Figure 5. circRELL1 (hsa_circ_0001400) restricts HSV-1 lytic infection.

A-F) circRELL1 was depleted in MRC-5 cells using siRNAs for 48 hours and subsequently infected with HSV-1 strain KOS at MOI of 0.1 or 10 PFU/cell. Data is relative to a paired Non-Targeting Control siRNA (NTC). G-H) MRC-5 cells were infected with a lentivirus expressing circRELL1 for 48 hours and subsequently infected with HSV-1 strain KOS at MOI of 10 for 12 hours. Data is relative to a control lentivirus expressing circGFP. A, D, G) RNA was collected from the cell fraction and reverse transcribed. qPCR data is plotted as relative expression (ddCt) using 18S rRNA as the reference gene. B, E) DNA was isolated from the cell fraction and assessed by qPCR for viral and host genome copies. C, F, H) Supernatant was collected at 12 hpi and assessed by plaque assay. Data points are biological replicates, column bars are the average, and error bars are standard deviation. Paired two-tailed t-tests were performed and any p-value <0.1 are shown.

DISCUSSION

CircRNAs are gaining traction as important factors at the virus-host interface. CircRNAs have an interesting combination of physical features: versatility to interact with DNA, RNA, and proteins simultaneously, longer half-lives than colinear mRNAs, and secretion to extracellular spaces. Some of these features are shared by other molecules like lncRNAs or microRNAs, but circRNAs uniquely possess all those flexible and multi-faceted characteristics. In this study, we probed the role of circRNAs during herpesvirus infection. We performed comparative circRNA expression profiling and identified four host circRNAs commonly upregulated by all subfamilies of human herpesviruses (Fig. 1). Whether there are universal functions of these commonly regulated circRNAs is not clear but over-representation analysis of colinear transcripts showed their enrichment in cell division/senescence pathways and lysine degradation (Sup. Fig. 1-4). In silico circRNA-miRNA-mRNA interaction networks predict circEPHB4, circVAPA, circPTK2, and circKMT2C may regulate cellular immunity via repression of miRNA mediated decay of mRNAs involved in antigen presentation (Sup Fig. 1–5). We identified a subset of circRNAs induced by herpesvirus infection and interferon stimulation (Fig. 4). Since circRNAs and mRNAs expressed from the same loci can have distinct targets and functions, they can be thought of as polycistronic genes. We propose a two-pronged model in which interferon-stimulated genes may encode both mRNA and circRNA with immune-regulatory activity (Fig. 6).
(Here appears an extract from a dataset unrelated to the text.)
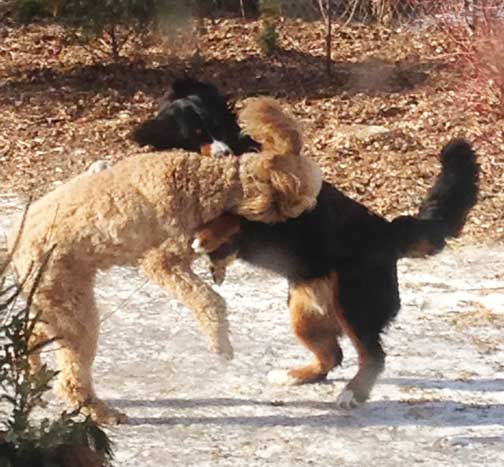 Zada running like the wind with her pal Piper. Good way to stay warm in the Minnesota snowy winters!

This is critical in cases of host shutoff, such as alpha- and gamma-herpesvirus infection, where the mRNA product is degraded but circRNA escapes.

Figure 6. Proposed polycistronic model for interferon-stimulated genes.

We propose a polycistronic model in which interferon-stimulated genes can produce both mRNA and circRNA with antiviral activity. This is critical in cases of host shut off, such as alpha- and gamma-herpesvirus infection, where the mRNA product is degraded but circRNA escapes. The interferon-stimulated circRNA, circRELL1, exemplifies this model. EBV, KSHV, and HCMV infection upregulates circRELL1 expression which functions to suppress lytic infection of HSV-1 and KSHV.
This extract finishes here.